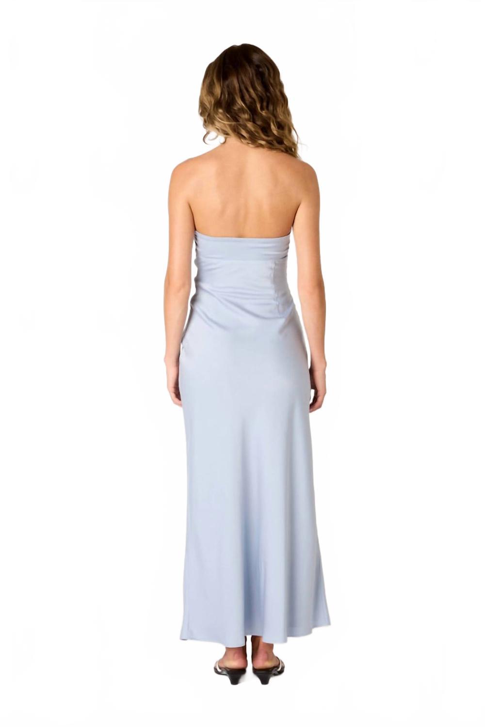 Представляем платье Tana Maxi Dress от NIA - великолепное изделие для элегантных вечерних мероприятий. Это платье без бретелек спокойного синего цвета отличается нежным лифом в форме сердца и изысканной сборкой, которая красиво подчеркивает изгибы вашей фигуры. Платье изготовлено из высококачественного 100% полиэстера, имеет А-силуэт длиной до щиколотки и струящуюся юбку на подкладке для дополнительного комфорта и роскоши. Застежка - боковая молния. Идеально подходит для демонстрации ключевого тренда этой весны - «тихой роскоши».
※ ※ ※
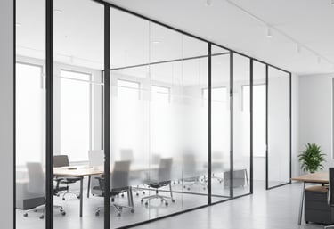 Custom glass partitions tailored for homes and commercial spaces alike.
※ ※ ※
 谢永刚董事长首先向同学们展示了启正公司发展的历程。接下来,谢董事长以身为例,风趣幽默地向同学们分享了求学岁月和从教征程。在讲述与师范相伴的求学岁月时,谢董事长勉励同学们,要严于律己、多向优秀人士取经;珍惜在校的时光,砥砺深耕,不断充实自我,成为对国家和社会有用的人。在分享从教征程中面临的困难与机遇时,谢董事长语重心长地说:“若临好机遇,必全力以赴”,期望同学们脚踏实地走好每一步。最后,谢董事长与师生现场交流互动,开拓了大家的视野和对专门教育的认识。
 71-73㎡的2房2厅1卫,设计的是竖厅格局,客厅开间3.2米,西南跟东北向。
※ ※ ※
— Exercise —
The lines to extract from the data above begin with the line containing "谢永刚董事长首先向同学们展示" and end with the line containing "71-73㎡的2房2厅1卫,设计的是竖厅格局,客厅开间3.2米,西南跟东北向。". Extract them exactly, including both.

— Reply —
 谢永刚董事长首先向同学们展示了启正公司发展的历程。接下来,谢董事长以身为例,风趣幽默地向同学们分享了求学岁月和从教征程。在讲述与师范相伴的求学岁月时,谢董事长勉励同学们,要严于律己、多向优秀人士取经;珍惜在校的时光,砥砺深耕,不断充实自我,成为对国家和社会有用的人。在分享从教征程中面临的困难与机遇时,谢董事长语重心长地说:“若临好机遇,必全力以赴”,期望同学们脚踏实地走好每一步。最后,谢董事长与师生现场交流互动,开拓了大家的视野和对专门教育的认识。
 71-73㎡的2房2厅1卫,设计的是竖厅格局,客厅开间3.2米,西南跟东北向。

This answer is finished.